I received this letter from an old friend, Joe Speroni
AH0A/7J1AAA, who has been living and working in Japan for many years. He
is also the author of the well-known MORSE ACADEMY software for teaching
Morse code. Anyway, it was such an exciting letter that I thought it would
be of interest to others here on "the Web".
Dear Sandy, W7BX
Greetings from Tokyo and all the members of TIARA (Tokyo
International Amateur Radio Association). I know I promised you a series
of articles on Japanese amateur radio, but there is something so exciting
I just have to take a break and tell you about it.
It all started with the work that Ed Coan (AH7L/7J1AAE)
did on antenna pattern plotting using his personal computer and the A-to-D
converter in his FT-1000. The circular, and even backward antenna patterns
of some of our local TIARA club members brought home the point that what
a good station needs is a good antenna. Ed's antenna looks great and the
results verify it. He works regular schedules into Colorado and Maine,
just like sunspots don't mean anything. My mini-beam just could not compare.

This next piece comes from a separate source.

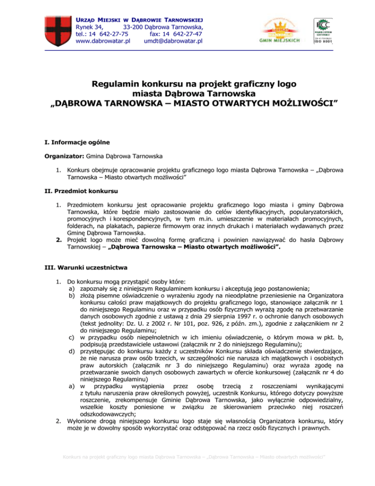 URZĄD MIEJSKI W DĄBROWIE TARNOWSKIEJ Rynek 34, 33-200 Dąbrowa Tarnowska, tel.: 14 642-27-75 fax: 14 642-27-47 www.dabrowatar.pl [email protected] Regulamin konkursu na projekt graficzny logo miasta Dąbrowa Tarnowska „DĄBROWA TARNOWSKA – MIASTO OTWARTYCH MOŻLIWOŚCI” I. Informacje ogólne Organizator: Gmina Dąbrowa Tarnowska 1. Konkurs obejmuje opracowanie projektu graficznego logo miasta Dąbrowa Tarnowska – „Dąbrowa Tarnowska – Miasto otwartych możliwości” II. Przedmiot konkursu 1. Przedmiotem konkursu jest opracowanie projektu graficznego logo miasta i gminy Dąbrowa Tarnowska, które będzie miało zastosowanie do celów identyfikacyjnych, popularyzatorskich, promocyjnych i korespondencyjnych, w tym m.in. umieszczenie w materiałach promocyjnych, folderach, na plakatach, papierze firmowym oraz innych drukach i materiałach wydawanych przez Gminę Dąbrowa Tarnowska. 2. Projekt logo może mieć dowolną formę graficzną i powinien nawiązywać do hasła Dąbrowy Tarnowskiej – „Dąbrowa Tarnowska – Miasto otwartych możliwości”. III. Warunki uczestnictwa 1. Do konkursu mogą przystąpić osoby które: a) zapoznały się z niniejszym Regulaminem konkursu i akceptują jego postanowienia; b) złożą pisemne oświadczenie o wyrażeniu zgody na nieodpłatne przeniesienie na Organizatora konkursu całości praw majątkowych do projektu graficznego logo, stanowiące załącznik nr 1 do niniejszego Regulaminu oraz w przypadku osób fizycznych wyrażą zgodę na przetwarzanie danych osobowych zgodnie z ustawą z dnia 29 sierpnia 1997 r. o ochronie danych osobowych (tekst jednolity: Dz. U. z 2002 r. Nr 101, poz. 926, z późn. zm.), zgodnie z załącznikiem nr 2 do niniejszego Regulaminu; c) w przypadku osób niepełnoletnich w ich imieniu oświadczenie, o którym mowa w pkt. b, podpisują przedstawiciele ustawowi (załącznik nr 2 do niniejszego Regulaminu); d) przystępując do konkursu każdy z uczestników Konkursu składa oświadczenie stwierdzające, że nie narusza praw osób trzecich, w szczególności nie narusza ich majątkowych i osobistych praw autorskich (załącznik nr 3 do niniejszego Regulaminu) oraz wyraża zgodę na przetwarzanie swoich danych osobowych zawartych w ofercie konkursowej (załącznik nr 4 do niniejszego Regulaminu) a) w przypadku wystąpienia przez osobę trzecią z roszczeniami wynikającymi z tytułu naruszenia praw określonych powyżej, uczestnik Konkursu, którego dotyczy powyższe roszczenie, zrekompensuje Gminie Dąbrowa Tarnowska, jako wyłącznie odpowiedzialny, wszelkie koszty poniesione w związku ze skierowaniem przeciwko niej roszczeń odszkodowawczych; 2. Wyłonione drogą niniejszego konkursu logo staje się własnością Organizatora konkursu, który może je w dowolny sposób wykorzystać oraz odstępować na rzecz osób fizycznych i prawnych. Konkurs na projekt graficzny logo miasta Dąbrowa Tarnowska – „Dąbrowa Tarnowska – Miasto otwartych możliwości” IV. Forma prezentacji pracy konkursowej 1. Projekt logo należy składać zgodnie z poniższymi założeniami: a) wydrukowane na sztywnym papierze formatu A4 b) zapisane na nośniku elektronicznym (na płycie CD lub DVD) w formatach pliku *.cdr (CorelDRAW) lub *.psd (Photshop) oraz w formacie służącym do prezentacji i drukowania *.pdf (o jakości drukarskiej), *.jpg (o wysokiej rozdzielczości), *.png (o wysokiej rozdzielczości). c) pliki muszą dopuszczać możliwości zmiany skali i proporcji obrazu bez utraty jakości. d) projekt logo powinien być przygotowany w następujących wersjach: a) kolorowej na białym tle; b) kolorowej na czarnym tle; c) w skali szarości lub czarno-białej tzw. faksowej; 2. Prace konkursowe powinny znajdować się w zaklejonych kopertach z napisem: „Konkurs na projekt logo - Dąbrowa Tarnowska – Miasto otwartych możliwości”. 3. Każdy uczestnik konkursu może zgłosić maksymalnie 3 projekty graficzne. V. Miejsce i termin składania prac konkursowych: 1. Prace konkursowe wraz z wypełnionymi załącznikami należy składać w siedzibie Organizatora: Urząd Miejski w Dąbrowie Tarnowskiej, Rynek 34, 33-200 Dąbrowa Tarnowska, w pok. 20 (tj. sekretariat UMDT), lub przesłać pocztą na adres Organizatora w terminie do 1 marca 2013 r. (decyduje data stempla pocztowego) z podpisem na kopercie: „Konkurs na projekt graficzny logo miasta Dąbrowa Tarnowska – Miasto otwartych możliwości”. 2. Prace konkursowe niespełniające wymagań, o których mowa w Regulaminie konkursu lub nadesłane po upływie terminu, o którym mowa w pkt. 1 nie będą podlegały ocenie Komisji Konkursowej. VI. Zasady przyznawania nagród: 1. Wyboru laureata konkursu na projekt graficzny logo Dąbrowy Tarnowskiej – „Dąbrowa Tarnowska – Miasto otwartych możliwości” dokonuje Komisja Konkursowa powołana przez Burmistrza Dąbrowy Tarnowskiej. 2. Decyzja Komisji Konkursowej o przyznaniu nagrody jest ostateczna i nie przysługuje od niej odwołanie. 3. Komisja Konkursowa przyzna nagrodę rzeczową dla zwycięzcy konkursu w wysokości 1.000,00 zł. (słownie: jeden tysiąc zł) brutto. VII. Rozstrzygnięcie konkursu: 1. Planowana data ogłoszenia wyników: 8 marca 2013 r. 2. Wyniki konkursu zostaną podane do publicznej wiadomości na stronie internetowej Urzędu Miejskiego w Dąbrowie Tarnowskiej www.dabrowatar.pl . VIII. Organizacja konkursu: Urząd Miejski w Dąbrowie Tarnowskiej Referat Promocji Kultury i Informatyzacji Rynek 34 33-200 Dąbrowa Tarnowska [email protected] [email protected] Konkurs na projekt graficzny logo miasta Dąbrowa Tarnowska – „Dąbrowa Tarnowska – Miasto otwartych możliwości” Załącznik nr 1 do Regulaminu konkursu na projekt graficzny logo „Dąbrowa Tarnowska – Miasto otwartych możliwości” WYRAŻENIE ZGODY NA NIEODPŁATNE PRZENIESIENIE NA ORGANIZATORA KONKURSU CAŁOŚCI PRAW MAJĄTKOWYCH DO PROJEKTU GRAFICZNEGO LOGO MIASTA DĄBROWA TARNOWSKA ............................................

Well, I got to thinking about what we Tokyo apartment
dwellers could do and realized that space is THE problem. How do you fit
a full-sized beam on a balcony? Loading coils are the answer and the problem
at the same time -- the antenna radiation resistance drops as reactance
is substituted for length. High current loops develop and the power is
dissipated in the antenna instead of being radiated. If only the antenna
didn't dissipate the power. Hmmm....let's see, P=E2
/R; now if R were 0 then...
From my work, I have some contacts in research groups
over at Tokyo University. Better yet, I knew a Japanese ham that is a graduate
student there. The thought running through my head was to build a super-conducting
antenna. This requires cryogenics, i.e. temperatures around minus 279 degrees
Centigrade. I was able get the university folks interested in the project
and we built a 10-meter dipole test silicon wafer. They put together a
lot of serial coils by "re-work" on the wafer; they were able
to connect them so we had a super-conducting yagi. I took my TS-930 transceiver
down to the lab for the first tests, but before we could test it, actual
measurements showed it was resonant on 3.126 MHz. It seems that the normal
equations for inductance don't work with super-conducting materials --
you need a lot fewer turns to get the same results compared to room temperature.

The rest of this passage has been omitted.